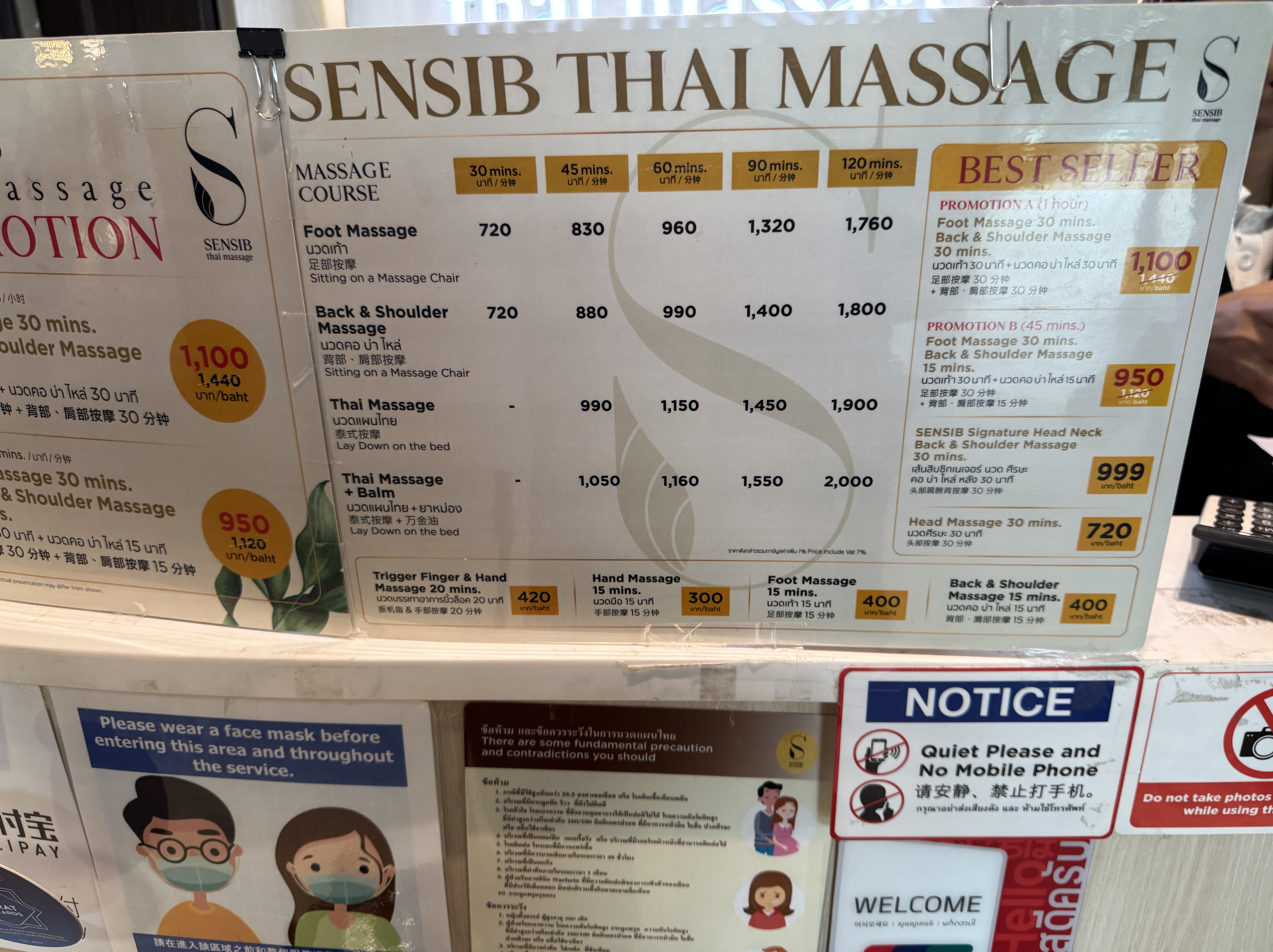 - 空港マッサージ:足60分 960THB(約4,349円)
● ● ● ● ●
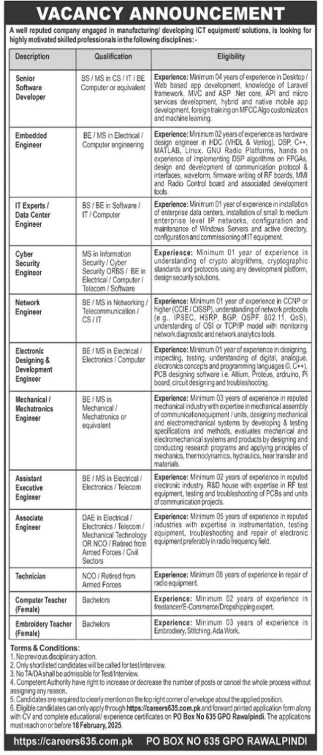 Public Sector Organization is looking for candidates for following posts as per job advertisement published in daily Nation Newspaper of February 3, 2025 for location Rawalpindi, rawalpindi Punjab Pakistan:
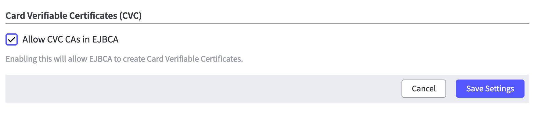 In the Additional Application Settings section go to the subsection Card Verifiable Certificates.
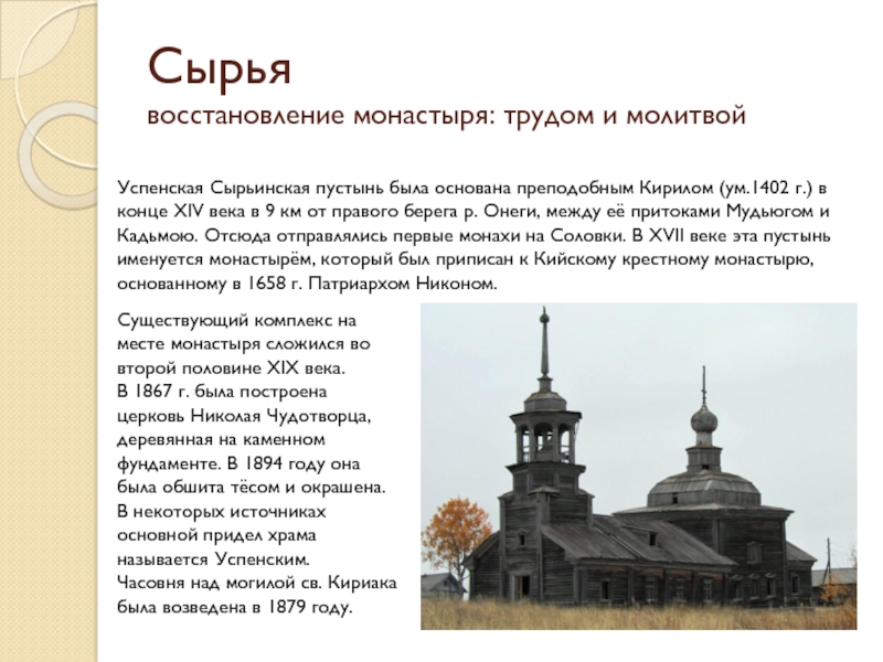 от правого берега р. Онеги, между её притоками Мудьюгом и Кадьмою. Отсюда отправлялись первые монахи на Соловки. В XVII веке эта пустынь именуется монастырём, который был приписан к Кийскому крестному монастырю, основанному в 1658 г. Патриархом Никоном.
● ● ● ● ●
# [WHAT THE EXERCISE ASKS]
Copy nothing but the lines above from the one with "Public Sector Organization" to the one with "от правого берега", inclusive, word for word. Leave every picture out.

# [ANSWER TO THIS PROBLEM]
 Public Sector Organization is looking for candidates for following posts as per job advertisement published in daily Nation Newspaper of February 3, 2025 for location Rawalpindi, rawalpindi Punjab Pakistan:
 In the Additional Application Settings section go to the subsection Card Verifiable Certificates.
 от правого берега р. Онеги, между её притоками Мудьюгом и Кадьмою. Отсюда отправлялись первые монахи на Соловки. В XVII веке эта пустынь именуется монастырём, который был приписан к Кийскому крестному монастырю, основанному в 1658 г. Патриархом Никоном.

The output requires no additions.